= PROBLEM REQUIREMENTS =
Show all lines below holding the string "Filter".

= THE RECORDS =

=== Section Start ===

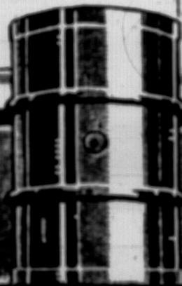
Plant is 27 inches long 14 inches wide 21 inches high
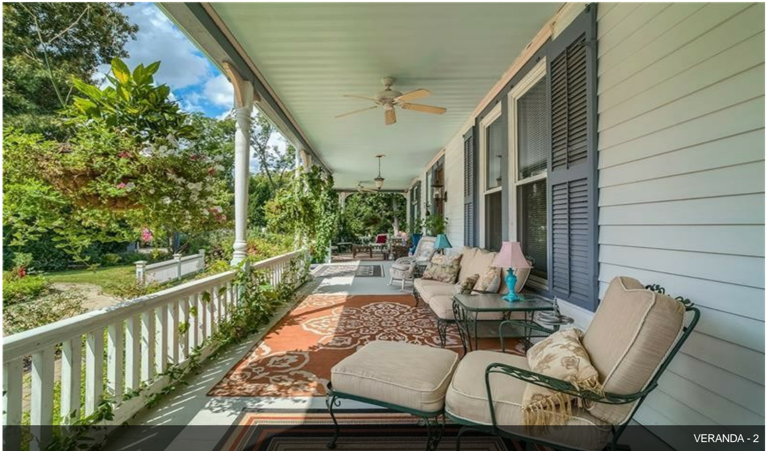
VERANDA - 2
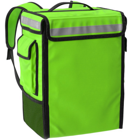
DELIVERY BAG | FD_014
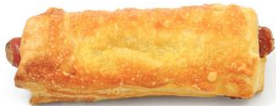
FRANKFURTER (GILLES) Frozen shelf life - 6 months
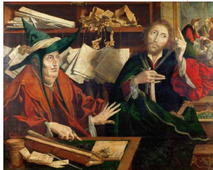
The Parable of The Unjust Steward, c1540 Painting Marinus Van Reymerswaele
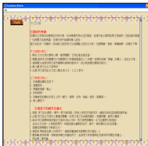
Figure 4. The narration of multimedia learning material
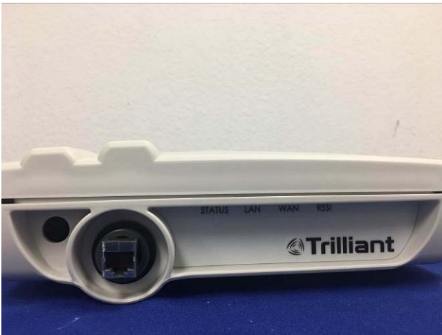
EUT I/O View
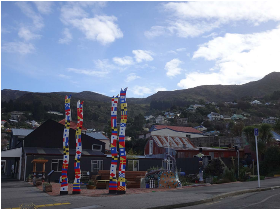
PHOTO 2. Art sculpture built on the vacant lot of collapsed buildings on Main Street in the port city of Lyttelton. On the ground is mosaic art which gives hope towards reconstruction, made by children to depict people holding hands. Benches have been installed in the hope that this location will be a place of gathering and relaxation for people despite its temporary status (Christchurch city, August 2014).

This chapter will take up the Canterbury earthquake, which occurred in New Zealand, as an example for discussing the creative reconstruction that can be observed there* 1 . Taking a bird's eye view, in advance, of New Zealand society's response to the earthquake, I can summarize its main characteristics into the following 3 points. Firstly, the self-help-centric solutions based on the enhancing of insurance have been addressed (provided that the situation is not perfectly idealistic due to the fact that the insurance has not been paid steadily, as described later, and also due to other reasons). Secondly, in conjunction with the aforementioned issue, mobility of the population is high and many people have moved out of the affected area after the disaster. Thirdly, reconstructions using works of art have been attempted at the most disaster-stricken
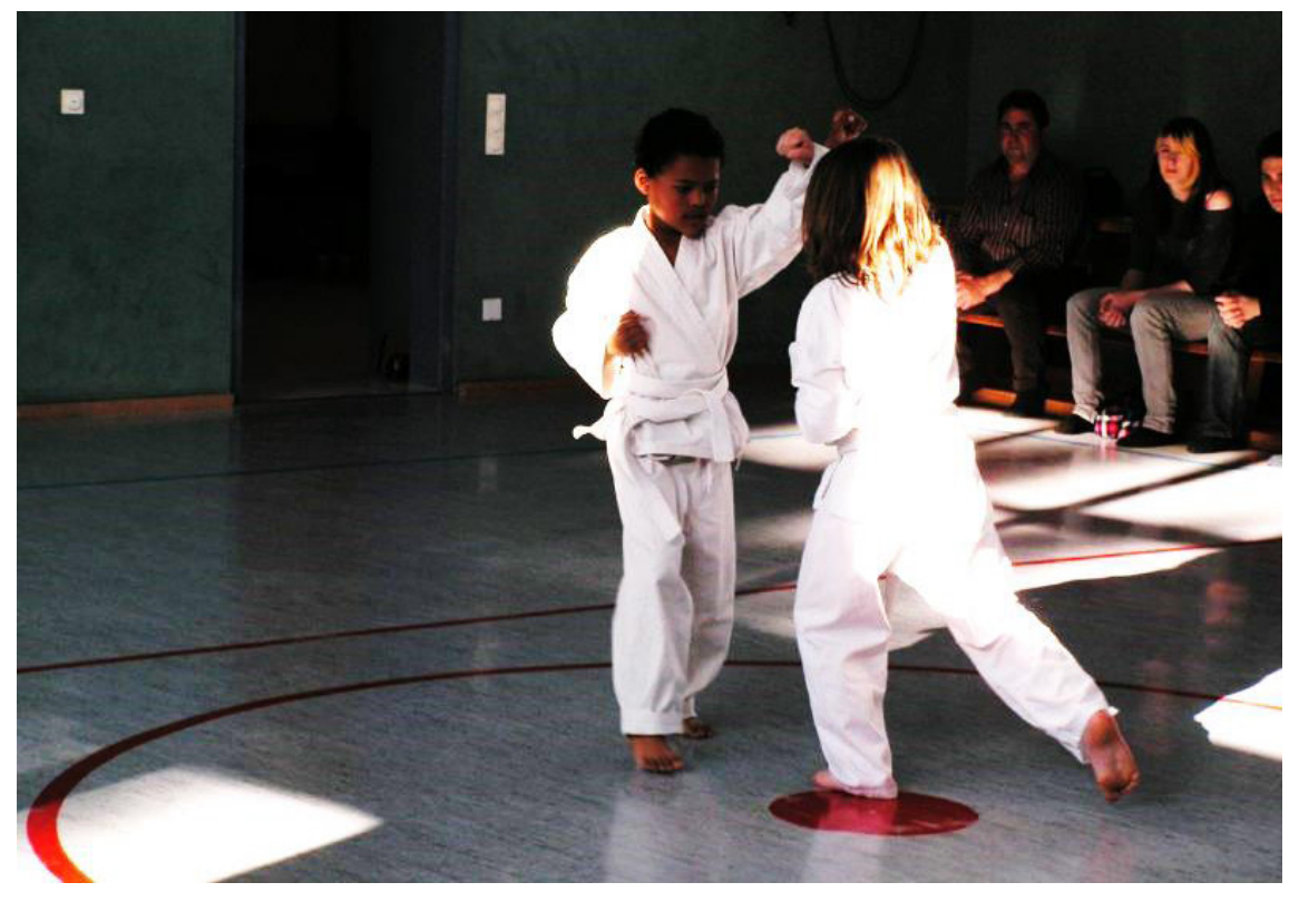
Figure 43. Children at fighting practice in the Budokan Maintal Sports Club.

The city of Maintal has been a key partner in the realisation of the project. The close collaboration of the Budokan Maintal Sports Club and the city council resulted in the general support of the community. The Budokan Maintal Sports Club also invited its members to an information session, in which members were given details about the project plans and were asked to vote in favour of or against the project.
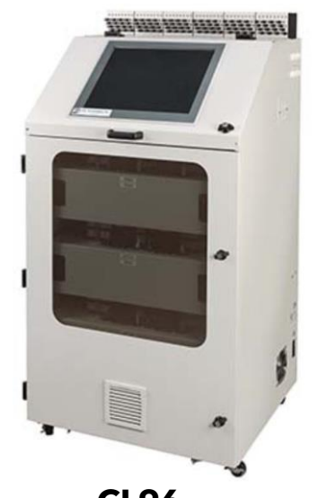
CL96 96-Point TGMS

=== Section End ===
=== Section Start ===

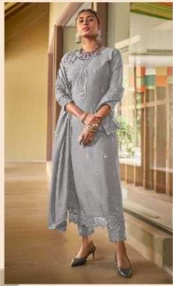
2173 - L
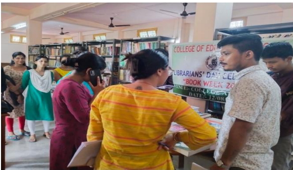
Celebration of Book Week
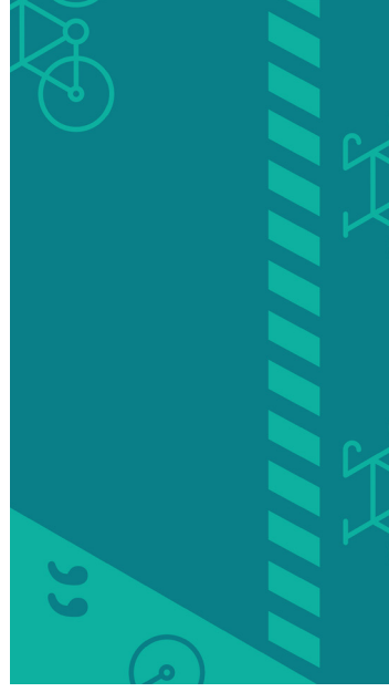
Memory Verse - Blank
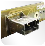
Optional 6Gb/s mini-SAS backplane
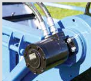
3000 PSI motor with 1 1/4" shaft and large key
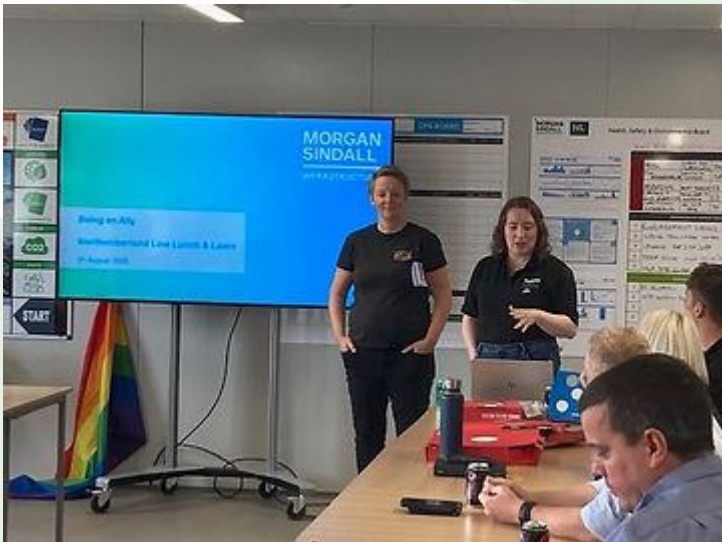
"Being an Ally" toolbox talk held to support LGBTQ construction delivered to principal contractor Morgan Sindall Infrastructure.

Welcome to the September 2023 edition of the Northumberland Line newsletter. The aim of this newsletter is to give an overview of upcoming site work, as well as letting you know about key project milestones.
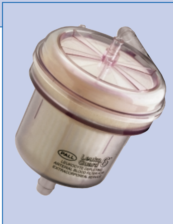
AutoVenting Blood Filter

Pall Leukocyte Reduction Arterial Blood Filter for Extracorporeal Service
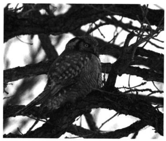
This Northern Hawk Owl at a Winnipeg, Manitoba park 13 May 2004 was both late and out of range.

=== Section End ===
=== Section Start ===

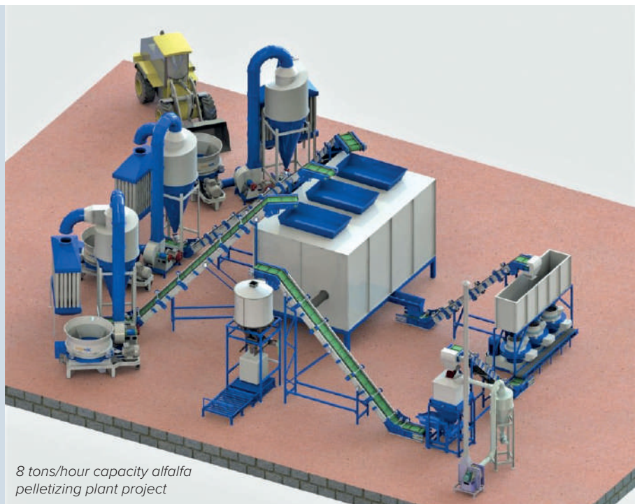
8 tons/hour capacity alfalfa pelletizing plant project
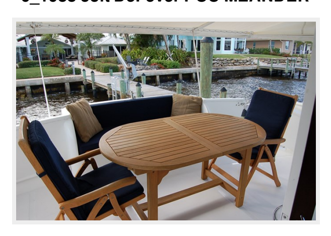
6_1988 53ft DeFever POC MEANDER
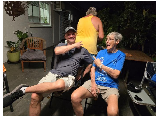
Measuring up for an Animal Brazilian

=== Section End ===

= EXERCISE RESULT =
AutoVenting Blood Filter
Pall Leukocyte Reduction Arterial Blood Filter for Extracorporeal Service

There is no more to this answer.